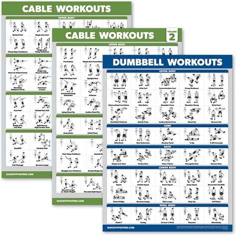 3 Pack - Cable Machine Workout Posters Volume 1 & 2 + Dumbbell Exercise Chart
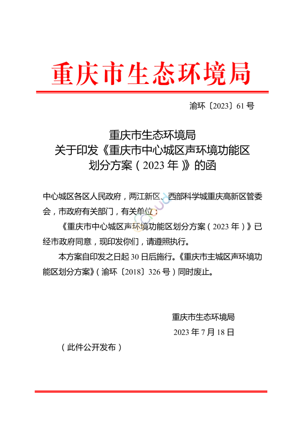 中心城区各区人民政府,两江新区、西部科学城重庆高新区管委会,市政府有关部门,有关单位: 《重庆市中心城区声环境功能区划分方案(2023年)》已经市政府同意,现印发你们,请遵照执行。 本方案自印发之日起30日后施行。《重庆市主城区声环境功能区划分方案》(渝环〔2018〕326号)同时废止。 重庆市生态环境局 2023年7月18日
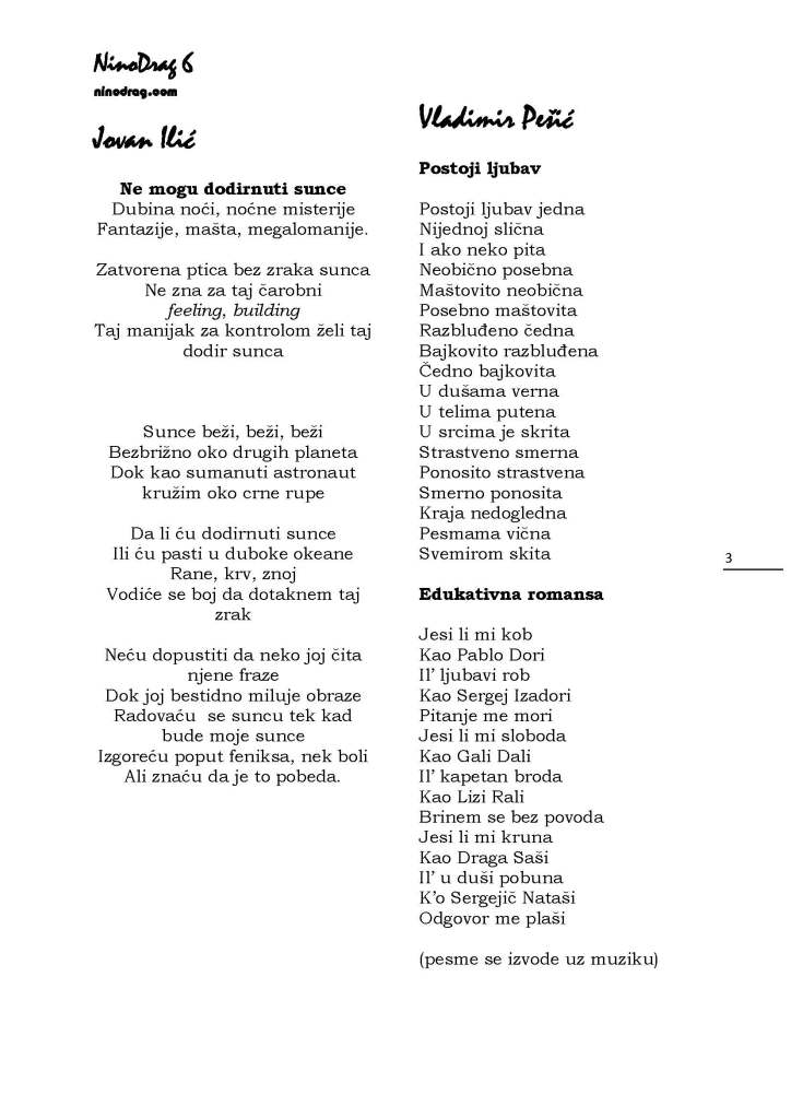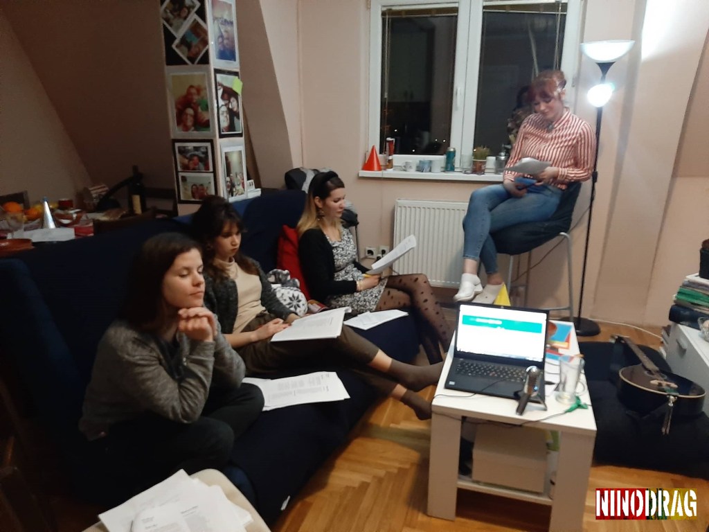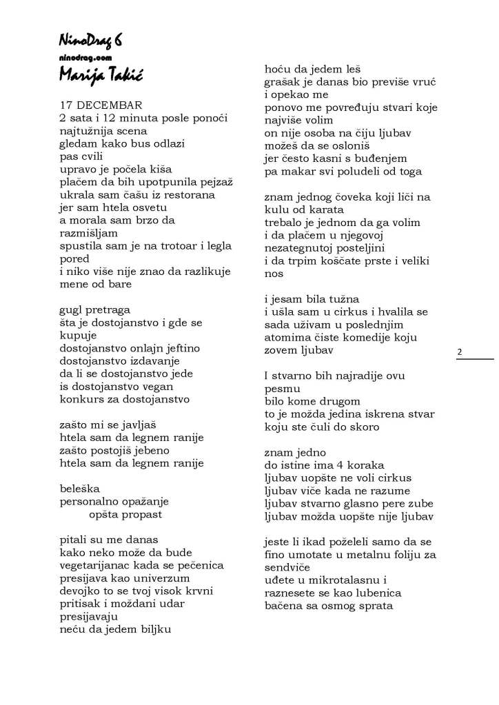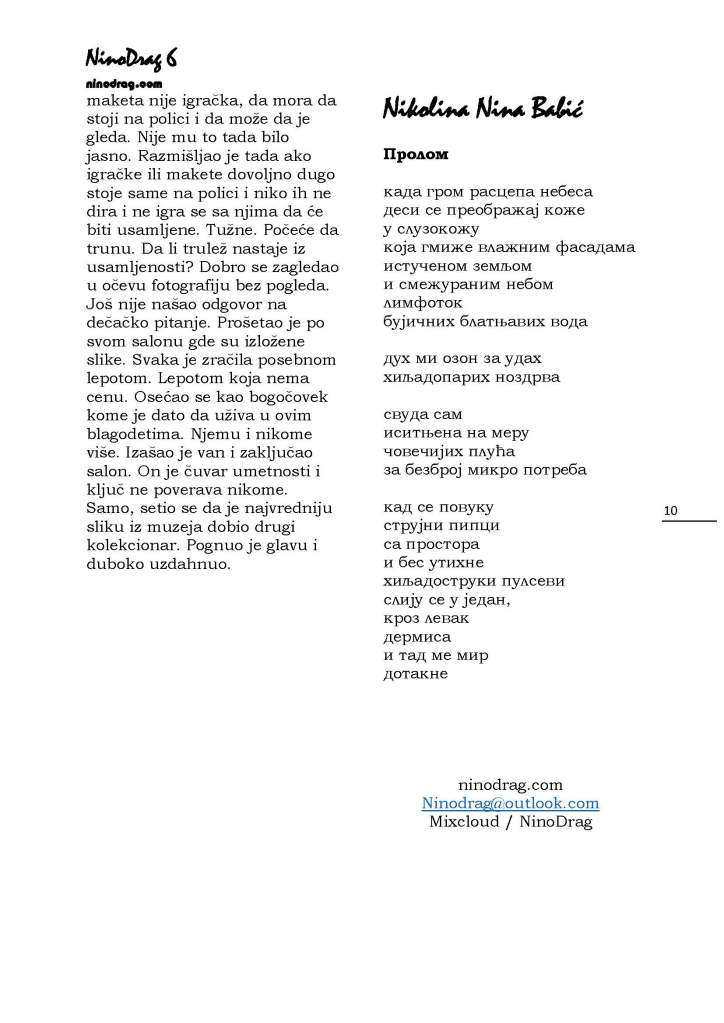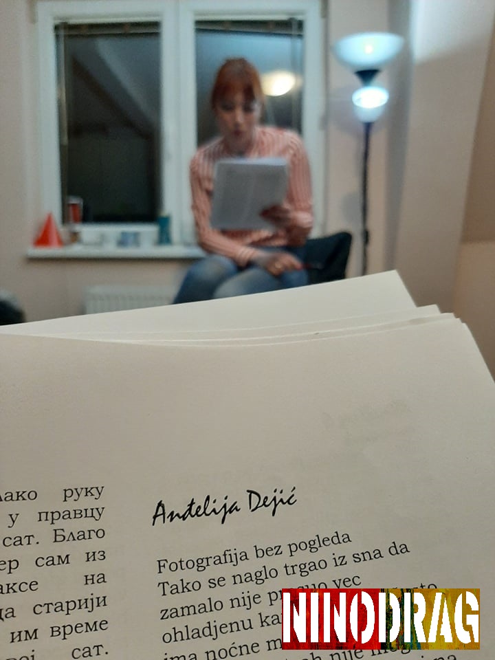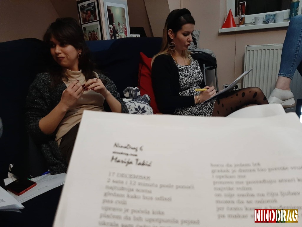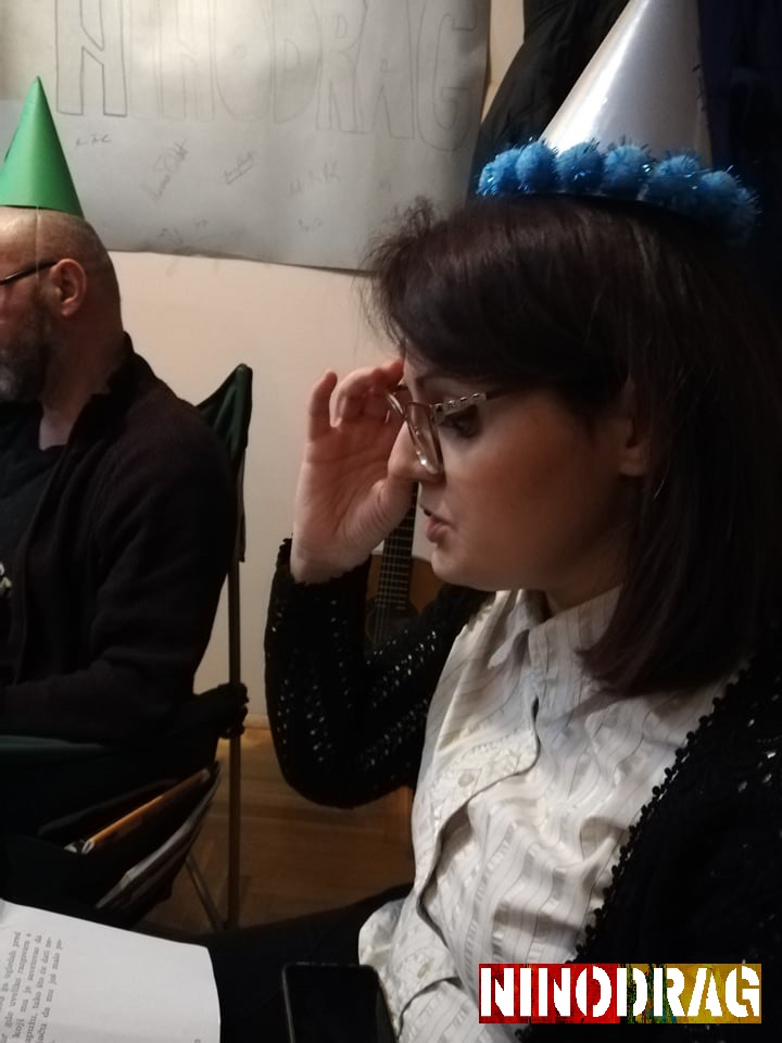 NinoDragom je ovoga puta šestarila Anđela Pendić (Beograd), autor dve nagrađene zbirke pesama, „Beleg“ (2015) i „Oganj“ (2016), doktorand na smeru Opšta lingvistika Filološkog fakulteta – zapravo, ona koja je uspela da u sebi pronađe to mesto odakle se čovek preobražava u stvaraoca i umešno ga iz sebe prenese u reči sa svom smislenom dubinom. Prilikom njenog predlaganja za nominaciju, Šimon Subota je rekao „Apsolutno genijalna pesnikinja i osoba, ima dve zbirke za sobom, studirala je ruski i ima neverovatan njuh za dobru muziku i film“. Pored Anđele, ugostili smo Bojanu Kostadinović (Užice), kostimografa i modnog dizajnera. Odabir tkanine za kostime je njen način umetničkog izražavanja i ispoljavanja u različitim vremenima, istorijskim, intimnim ili izmaštanim. Podelila je sa nama nedavno iskustvo kostimografa predstave „Sirano“, odigrane u Kosovskoj Mitrovici. Svoje umeće je nadograđivala u Italiji. Među gostima se pronašao i jedan kreativno svestrani građevinski inženjer – Vladimir Pešić (Raška). Tekstopisac, kompozitor i kantautor, te ne čudi što su njegovi stihovi srasli uz muziku koju stvara preobražavajući zvuke neobičnih instrumenata poput vove, okarine, usne harmonike, bazukija itd…. Autor je tri zbirke pesama („Heksagram 65“, „Vilenjak istočnog vetra“, „Kodeks kapetana Strongvila“) i jedne zbirke priča („Čaršijske priče“). S nama je još jednom bila sjajna mlada pesnikinja Marija Takić, pobednica prve pesničko – scenske manifestacije „Grungebook“ i drugoplasirana na poetskoj manifestaciji „Timočka lira“, koja je, pre nego što će doći, na pozivnicu odgovorila: „Hoću, baš mi je jedan NinoDrag potreban ovih dana“. Marija je sa nama podelila pesmu mladog pesnika u začetku – Jovana Ilića, obavezama sprečenog da prisustvuje. Kao važna konstanta NinoDraga, prisutna je bila i Anđelija Dejić (Užice), čija je proza preobražavajuće specifična – upravo poput skoka s starog železničkog mosta u Đetinju.
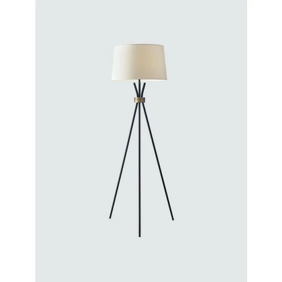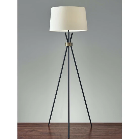 A stunning silhouette with mid-century elements, the Benson floor lamp is a tripod of black metal legs gathered at the neck with an antique brass accent. It is topped with a modified drum shade in contrasting off-white linen. A black fabric cord completes the modern statement. A three-way rotary switch is located under the socket. The 3-way rotary socket switch will only work with a 3-way light bulb. Otherwise, this lamp will function with simple on/off switch at its highest setting. This lamp is smart outlet compatible. Bulb is not included.
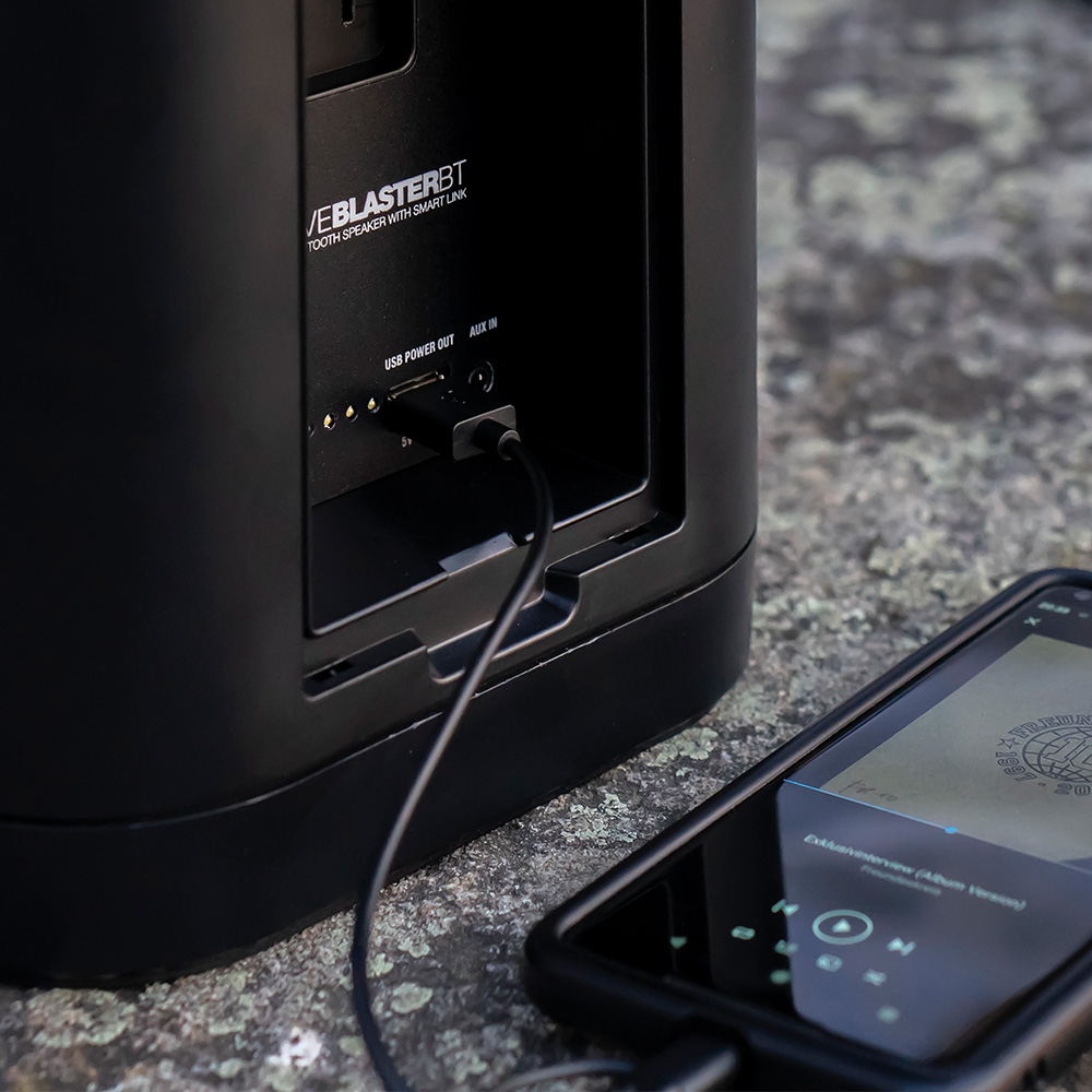 Portable 100 W speaker with massive bass performance. Bluetooth 4.0: Up to 30 meters transmission range and integrated rechargeable Li-ion battery (10 hours run-time) with USB charging function for other devices

★ ★ ★

# TASK DESCRIPTION:
Reprint every record exactly and skip the pictures.

# TASK RESPONSE:
 3 Pack - Cable Machine Workout Posters Volume 1 & 2 + Dumbbell Exercise Chart
 中心城区各区人民政府,两江新区、西部科学城重庆高新区管委会,市政府有关部门,有关单位: 《重庆市中心城区声环境功能区划分方案(2023年)》已经市政府同意,现印发你们,请遵照执行。 本方案自印发之日起30日后施行。《重庆市主城区声环境功能区划分方案》(渝环〔2018〕326号)同时废止。 重庆市生态环境局 2023年7月18日
 NinoDragom je ovoga puta šestarila Anđela Pendić (Beograd), autor dve nagrađene zbirke pesama, „Beleg“ (2015) i „Oganj“ (2016), doktorand na smeru Opšta lingvistika Filološkog fakulteta – zapravo, ona koja je uspela da u sebi pronađe to mesto odakle se čovek preobražava u stvaraoca i umešno ga iz sebe prenese u reči sa svom smislenom dubinom. Prilikom njenog predlaganja za nominaciju, Šimon Subota je rekao „Apsolutno genijalna pesnikinja i osoba, ima dve zbirke za sobom, studirala je ruski i ima neverovatan njuh za dobru muziku i film“. Pored Anđele, ugostili smo Bojanu Kostadinović (Užice), kostimografa i modnog dizajnera. Odabir tkanine za kostime je njen način umetničkog izražavanja i ispoljavanja u različitim vremenima, istorijskim, intimnim ili izmaštanim. Podelila je sa nama nedavno iskustvo kostimografa predstave „Sirano“, odigrane u Kosovskoj Mitrovici. Svoje umeće je nadograđivala u Italiji. Među gostima se pronašao i jedan kreativno svestrani građevinski inženjer – Vladimir Pešić (Raška). Tekstopisac, kompozitor i kantautor, te ne čudi što su njegovi stihovi srasli uz muziku koju stvara preobražavajući zvuke neobičnih instrumenata poput vove, okarine, usne harmonike, bazukija itd…. Autor je tri zbirke pesama („Heksagram 65“, „Vilenjak istočnog vetra“, „Kodeks kapetana Strongvila“) i jedne zbirke priča („Čaršijske priče“). S nama je još jednom bila sjajna mlada pesnikinja Marija Takić, pobednica prve pesničko – scenske manifestacije „Grungebook“ i drugoplasirana na poetskoj manifestaciji „Timočka lira“, koja je, pre nego što će doći, na pozivnicu odgovorila: „Hoću, baš mi je jedan NinoDrag potreban ovih dana“. Marija je sa nama podelila pesmu mladog pesnika u začetku – Jovana Ilića, obavezama sprečenog da prisustvuje. Kao važna konstanta NinoDraga, prisutna je bila i Anđelija Dejić (Užice), čija je proza preobražavajuće specifična – upravo poput skoka s starog železničkog mosta u Đetinju.
 A stunning silhouette with mid-century elements, the Benson floor lamp is a tripod of black metal legs gathered at the neck with an antique brass accent. It is topped with a modified drum shade in contrasting off-white linen. A black fabric cord completes the modern statement. A three-way rotary switch is located under the socket. The 3-way rotary socket switch will only work with a 3-way light bulb. Otherwise, this lamp will function with simple on/off switch at its highest setting. This lamp is smart outlet compatible. Bulb is not included.
 Portable 100 W speaker with massive bass performance. Bluetooth 4.0: Up to 30 meters transmission range and integrated rechargeable Li-ion battery (10 hours run-time) with USB charging function for other devices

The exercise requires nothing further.